Но пальцы на щеке гладили его кожу – прохладные, легкие, и было так хорошо. Спокойно. Тихо. Как будто он нырнул с головой под одеяло, завернулся в него коконом, а там, снаружи, пусть хоть буря, хоть отец с ремнем, хоть конец света – они тебя не достанут. Никогда не достанут.

– Хорошо, – выдохнул Демид. Губы дернулись в улыбке, сам не заметил как. – Обещаю.

Рука убралась в темноту так же медленно, как появилась – нехотя, будто гладила напоследок воздух.
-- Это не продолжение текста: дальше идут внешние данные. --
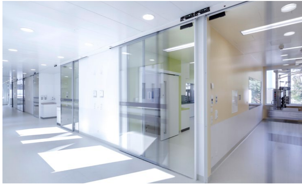
Kaiser Franz Josef Spital, 4. Med. 1100 Wien

Mit Expertise und Innovation schaffen wir komplexe medizinische Raumlösungen.

Колодец снова стал просто дырой в земле. Обычной, старой, с гнилыми досками.

Демид постоял еще минуту, глядя вниз. Внутри что-то зудело – как после сладкого, когда съел слишком много и язык уже липкий, а в животе бродит тепло. Потом развернулся и пошел к дому, продираясь сквозь траву. Лопухи хлестали по ногам, но он не чувствовал. Он вообще ничего не чувствовал, кроме этого странного, тягучего покоя.



Вечером отец не пришел ужинать.

Мать сидела на кухне, теребя край фартука – дергала, накручивала на палец, пока ткань не пошла складками. Смотрела на дверь. Там, за дверью, было темно, и темнота не спешила открываться.

– Опять пьет где-то, – бормотала она. Голос сухой, шелушащийся, как старая бумага. – Сволочь.

Она всегда так говорила. «Сволочь». Но в этом слове давно не было злости – только усталость и привычка, как у собаки, которая привыкла, что ее бьют, и уже не скулит, а просто ложится и ждет.

Демида уложили спать рано. Он лежал в своей кроватке, смотрел на облупившуюся краску на потолке – она пузырилась, как старая кожа, – и слушал тишину. Тишина была непривычная. Обычно в это время отец уже гремел посудой, или орал телевизор, или просто дышал тяжело, с присвистом, сидя в кресле. А сейчас – ничего. Только маятник часов за стенкой: тик-так, тик-так, тик-так. И в голове пустота.



Утром его разбудил мамин крик.

Крик был странный. Не тот, испуганный и визгливый, от которого хотелось зажмуриться и зарыться в подушку. Этот был другой – длинный, воющий, страшный. В нем не было слов. Просто звук. Так воют, когда случается то, чему нельзя случиться. Когда мир ломается пополам, а ты стоишь и смотришь.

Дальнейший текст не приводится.